Suppose that $$\hat y=y+\varepsilon,$$ where the probability density of error $\varepsilon$ is $f(\varepsilon)$.

Now, we can solve the problem $$\min_{\hat y} E[L_1(\hat y,y)]$$ using first order condition (FOC): $$\partial/\partial\hat y E[L_1(\hat y,y)]=0$$ $$\partial/\partial\hat y E[L_1(\hat y,y)]= E[\partial/\partial\hat y |\hat y-y|]= \int_{-\infty}^{\hat y-y}f(e)de-\int_{\hat y-y}^{\infty}f(e)de =F(\hat y-y)-(1-F(\hat y-y))=2F(\hat y-y)-1=0$$ Where $F(.)$ is the cumulative distribution function. Also I substituted $\hat y-y$ with $e$ in the integrals.

You can see that the FOC is satisfied when $F(\hat y-y)=1/2$, i.e. when the $\hat y$ is at the median of the distribution.

You can do the same for $L_2$ to show that it requires the mean. Loss: $$L_2(\hat y,y)=(\hat y-y)^2$$

Suppose that $$\hat y=y+\varepsilon,$$ where the probability density of error $\varepsilon$ is $f(\varepsilon)$.

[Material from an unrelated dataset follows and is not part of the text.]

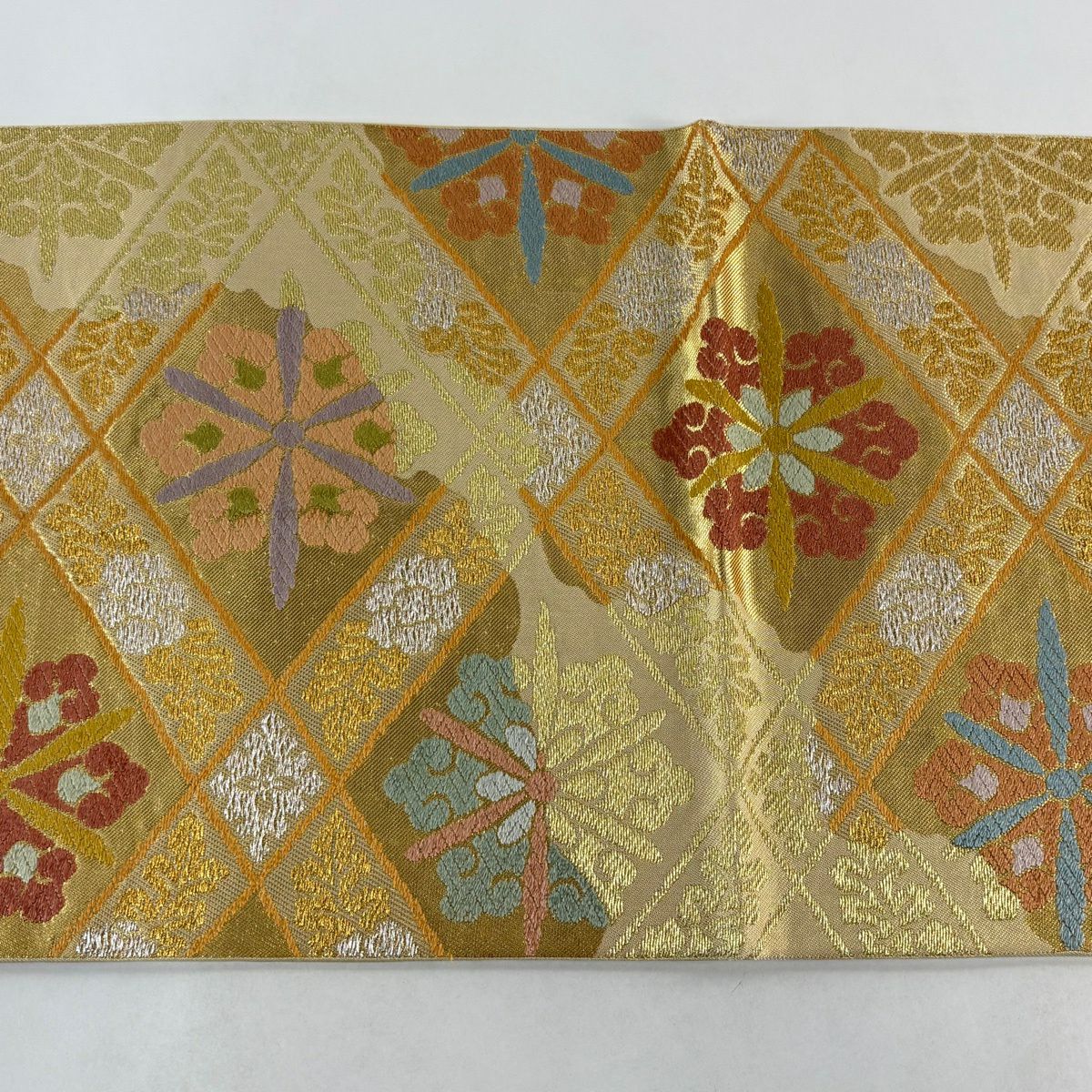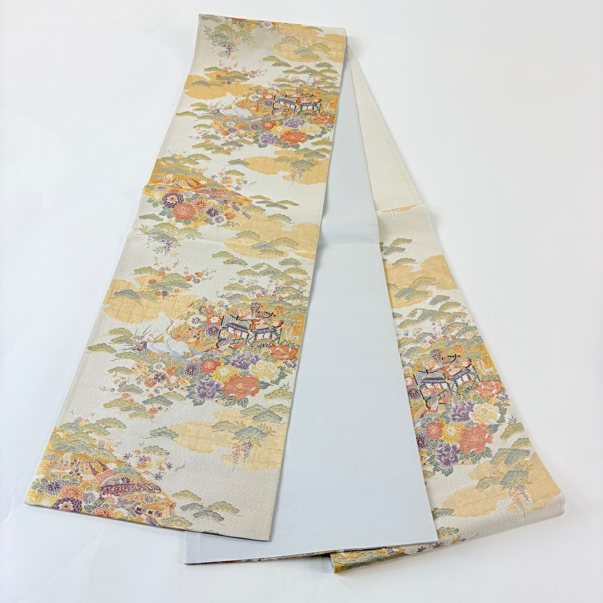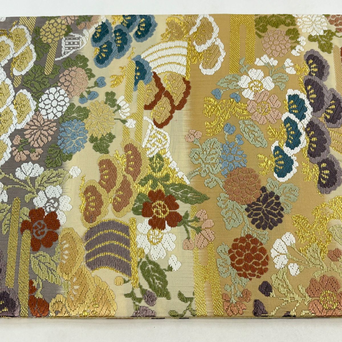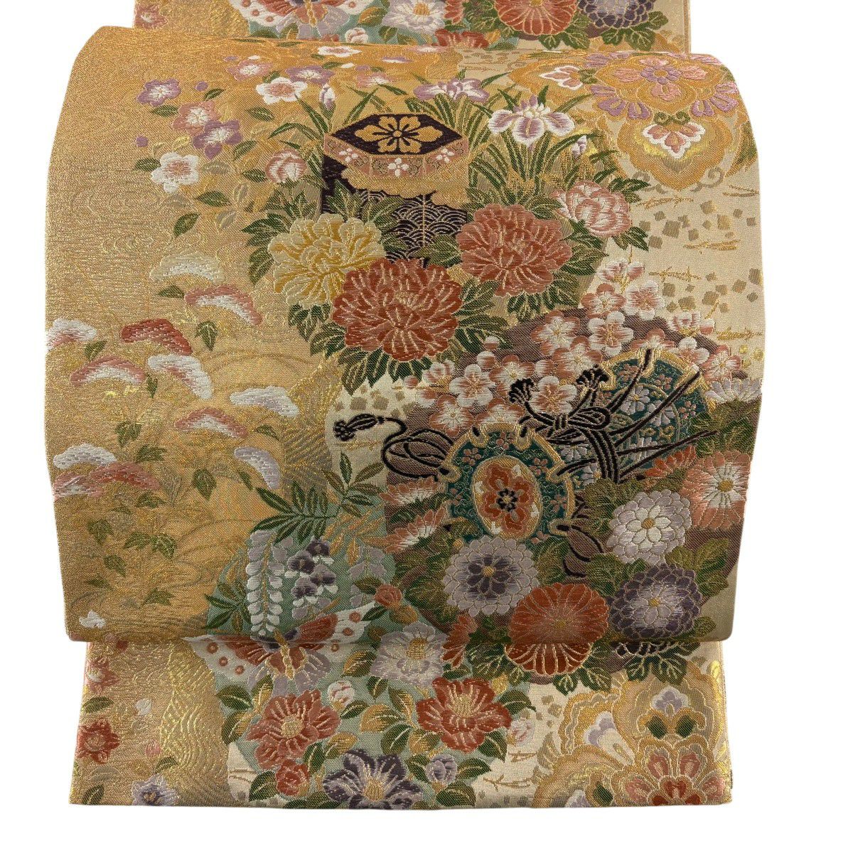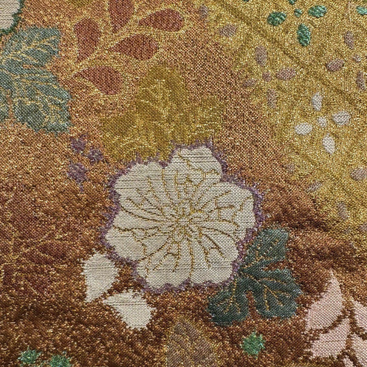 【美品】 袋帯 秀品 秋草 亀甲 唐織 金糸 クリーム 六通 正絹

Now, we can solve the problem $$\min_{\hat y} E[L_2(\hat y,y)]$$ using first order condition (FOC): $$\partial/\partial\hat y E[L_2(\hat y,y)]=0$$ $$\partial/\partial\hat y E[L_2(\hat y,y)]= E[\partial/\partial\hat y (\hat y-y)^2]= E[2 (\hat y-y)]= 2 (\hat y-E[y])]=0$$

You can see that the FOC is satisfied when $\hat y=E[y]$, i.e. when the $\hat y$ is at the mean of the distribution.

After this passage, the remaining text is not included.